WORK INSTRUCTION
Using the listing below, retype exactly the lines starting at the one with "Air Baltic, Airbus" and ending at the one with "1955/56 Huddersfield Town", and include both.
** DATASET RECORDS follows **
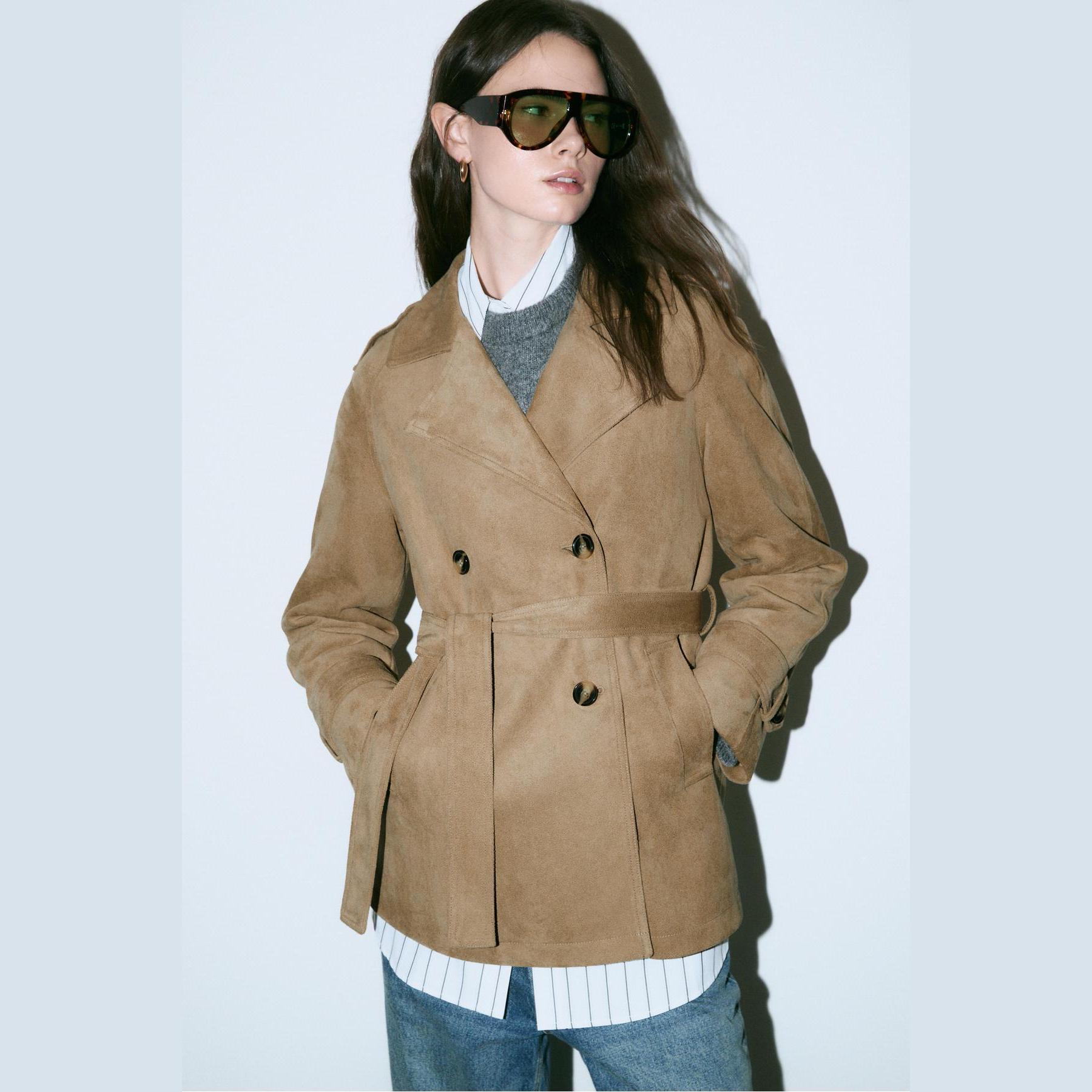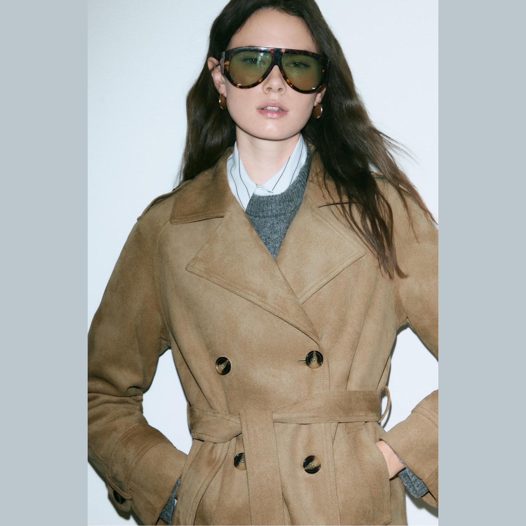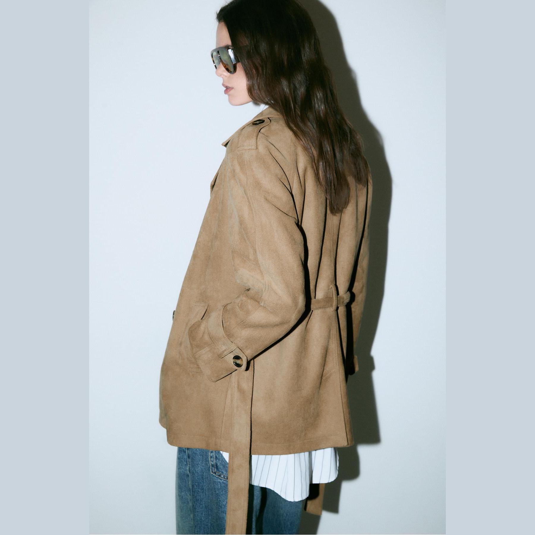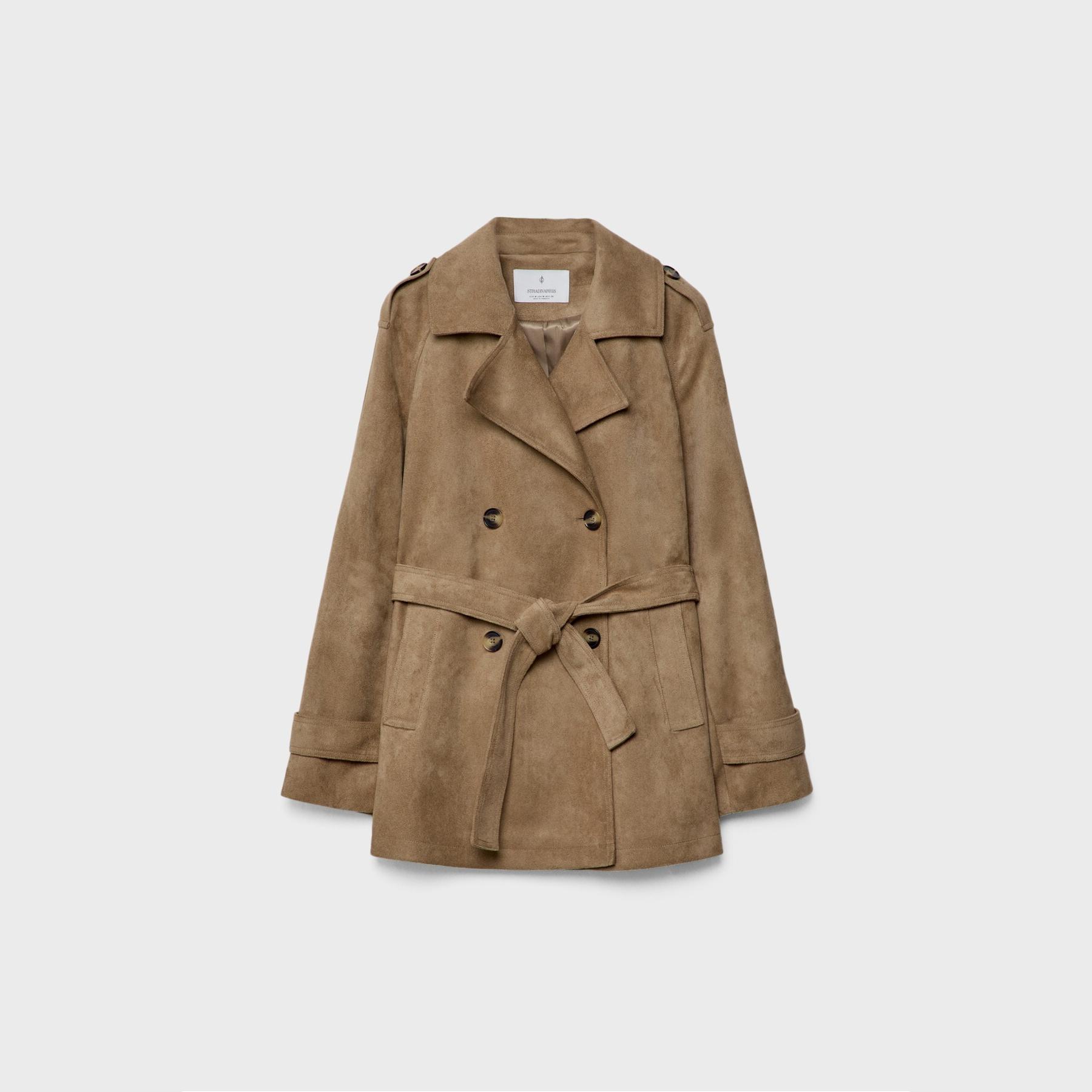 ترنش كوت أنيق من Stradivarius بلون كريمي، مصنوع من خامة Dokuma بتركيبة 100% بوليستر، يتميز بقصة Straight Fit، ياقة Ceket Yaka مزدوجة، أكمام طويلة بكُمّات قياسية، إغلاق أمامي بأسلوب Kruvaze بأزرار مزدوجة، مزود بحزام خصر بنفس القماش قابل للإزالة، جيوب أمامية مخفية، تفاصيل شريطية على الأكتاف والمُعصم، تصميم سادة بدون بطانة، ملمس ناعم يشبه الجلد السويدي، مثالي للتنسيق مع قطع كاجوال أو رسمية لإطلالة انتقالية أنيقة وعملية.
** End of DATASET RECORDS **
** DATASET RECORDS follows **
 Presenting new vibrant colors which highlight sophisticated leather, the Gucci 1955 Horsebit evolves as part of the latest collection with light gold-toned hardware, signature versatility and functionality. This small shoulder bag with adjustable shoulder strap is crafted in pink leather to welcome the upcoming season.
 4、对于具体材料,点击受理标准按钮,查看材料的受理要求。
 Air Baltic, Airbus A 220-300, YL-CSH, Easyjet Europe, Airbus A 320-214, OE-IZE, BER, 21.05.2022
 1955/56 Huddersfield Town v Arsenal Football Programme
** End of DATASET RECORDS **
YOUR SOLUTION
 Air Baltic, Airbus A 220-300, YL-CSH, Easyjet Europe, Airbus A 320-214, OE-IZE, BER, 21.05.2022
 1955/56 Huddersfield Town v Arsenal Football Programme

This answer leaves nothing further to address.